A coordenadora do Bloco de Esquerda reclamou este domingo “o fim da lei dos compromissos no SNS”, criticou a Ordem dos Médicos por dificultar o acesso destes profissionais à especialidade e defendeu a criação da carreira de técnico auxiliar de saúde.
“Há uma coisa muito importante que é a capacidade de o Serviço Nacional de Saúde [SNS] usar os meios de que precisa. E foi criada uma coisa chamada leis dos compromissos, é uma lei de ‘troika’, que torna difícil os serviços públicos assumirem responsabilidades financeiras das encomendas de que precisam”, afirmou Catarina Martins durante a sessão “Vencer a Crise”, uma das iniciativas que marcou a ‘rentrée’ do BE na cidade do Porto.
Numa intervenção centrada nas “lições a tirar da pandemia” na área da saúde, a líder bloquista salientou que a lei dos compromissos “coloca problemas tão absurdos para o SNS como, por exemplo, determinadas unidades de saúde poderem encomendar medicamentos”.
Considerando essencial “retirar da lei os entraves burocráticos a que as instituições de saúde façam o que precisam”, Catarina Martins disse que tal deve ser feito “seja com o fim da lei dos compromissos no SNS, seja com a autonomia das instituições para contratarem os profissionais de que precisam”.
Na sua intervenção, a coordenadora do Bloco defendeu ainda a necessidade de aumentar o número de médicos em Portugal, nomeadamente de médicos de especialidade, cuja falta considera ser “um enorme problema” no país, em parte devido à atuação da Ordem dos Médicos.
“Em 2019 já havia mais de 1.000 médicos à espera de terem acesso à especialidade. É absurdo faltarem especialistas e termos tantos médicos formados à espera de acesso à especialidade”, afirmou, considerando que “um dos problemas tem sido a Ordem dos Médicos, que acha sempre que não se pode abrir ensino de especialidades, mesmo em unidades que são reconhecidas internacionalmente como referências nessa área”.
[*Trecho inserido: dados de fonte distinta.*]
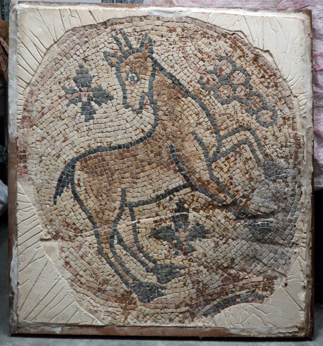 קטע פסיפס מעוטר באיילה, כנראה מכנסיה מהמאה השישית לספירה. התקופה הביזנטית
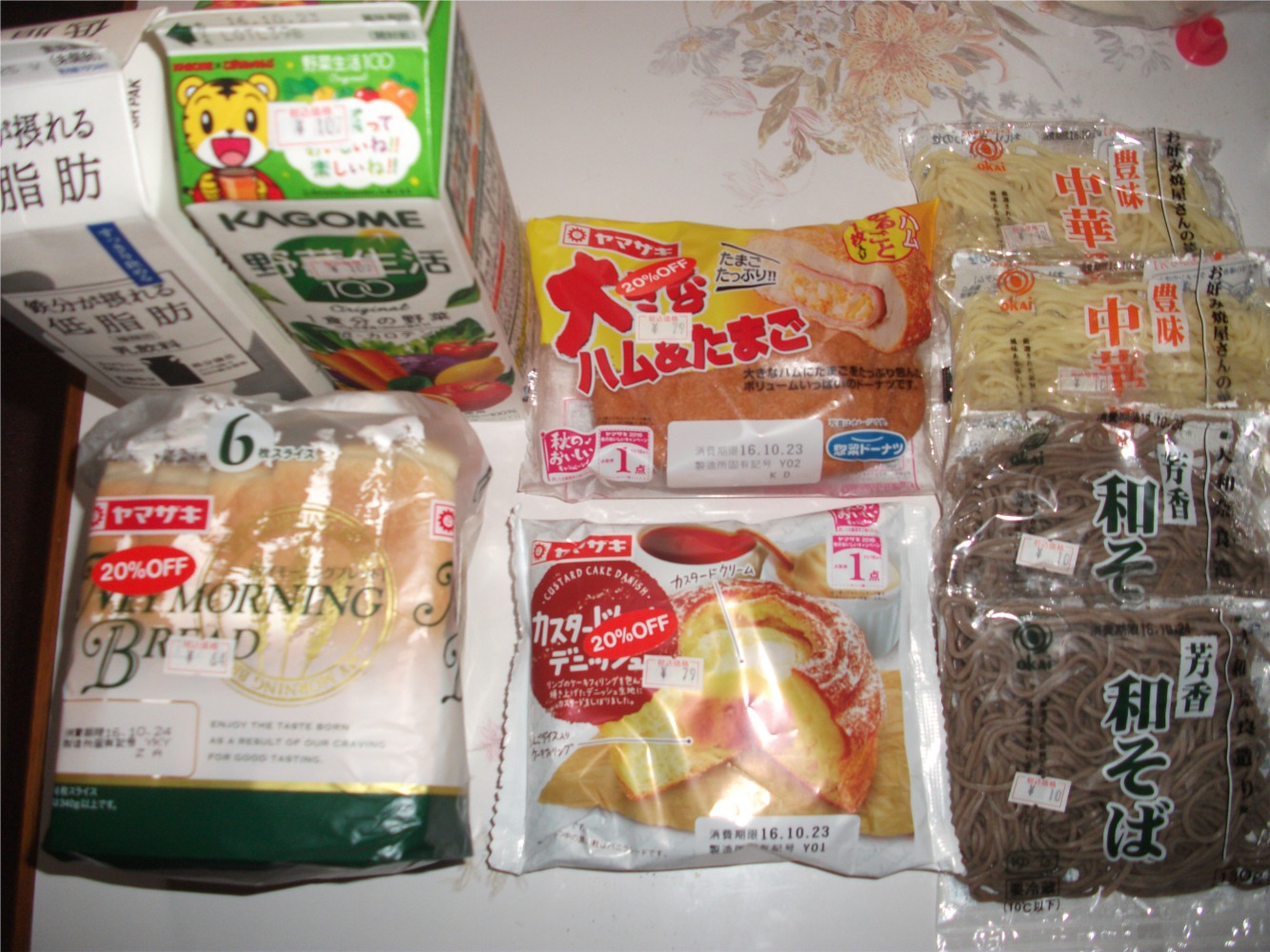 朝・昼はいつも大体こんなもんで、あとは食パン・麺類・ちょっとした野菜炒めくらいです。

Avisando o Governo que “não tem de obedecer à Ordem dos Médicos e pode e tem de abrir mais especialidade”, Catarina Martins reiterou que “nada é mais absurdo do que um país que precisa de médicos e médicos que não têm acesso à formação, querendo fazê-la e querendo trabalhar no SNS”.
“É certo que podemos formar mais médicos. Mas o que é mais absurdo é que temos formado médicos a quem depois não damos acesso à especialidade e que servem para ser contratados à hora, prestadores de serviços, para ir dar uma perninha nas urgências. Estamos a desperdiçar médicos que podiam ter a sua especialidade e estar a trabalhar no SNS, onde fazem falta, e que, na verdade, são médicos que andam a trabalhar de recibo verde em recibo verde, um pouco por todo o país”, sustentou.
Outra das prioridades apontadas pela coordenadora do BE foi a criação da carreira de técnico auxiliar de saúde, no âmbito de uma estratégia para “valorizar, captar e fixar recursos no SNS”.
“Precisamos mesmo de gente a trabalhar no SNS. Portugal tem profissionais do SNS muito competentes, muito qualificados, muito maltratados. Tantos acabam até por emigrar. E há uma categoria de trabalhadores que não tem sequer carreira, a que se chamam assistentes operacionais, e que têm das tarefas mais duras nas instituições de saúde, correm riscos para a sua saúde todos os dias, não estão com a família e ganham pouco mais do que o salário mínimo nacional”, disse.
Avançando serem “mais de 28 mil os assistentes operacionais do SNS hoje sem carreira específica”, Catarina Martins sublinhou que, “se há coisa que a covid mostrou, é como em Portugal trabalhadores fundamentais têm salários de miséria”.
“Lutaremos por todos eles”, garantiu, defendendo, “desde logo, [que] no SNS tem de existir uma carreira de técnico auxiliar de saúde, porque é isso que são e é essa a carreira e o respeito que merecem”.
Ainda apontada pela líder do Bloco foi a necessidade de “o SNS chegar a áreas onde nunca chegou”, defendendo um “reforço das respostas” a nível da saúde mental, do acesso a dentistas e oftalmologistas, do acompanhamento ao envelhecimento da população e da internalização de análises e exames.
“Estamos empenhados em encontrar soluções, num país que percebe que nada pode ser como dantes, que sabe que vamos ter de viver com uma pandemia durante mais algum tempo e que compreende que uma sociedade fragilizada, precária e muito desigual é também um dos maiores problemas quando enfrentamos esta pandemia”, sustentou, acrescentando: “Temos de ser criteriosos a usar os recursos públicos, porque não queremos uma resposta à crise que mais uma vez salva o sistema financeiro e deixa o povo para trás”.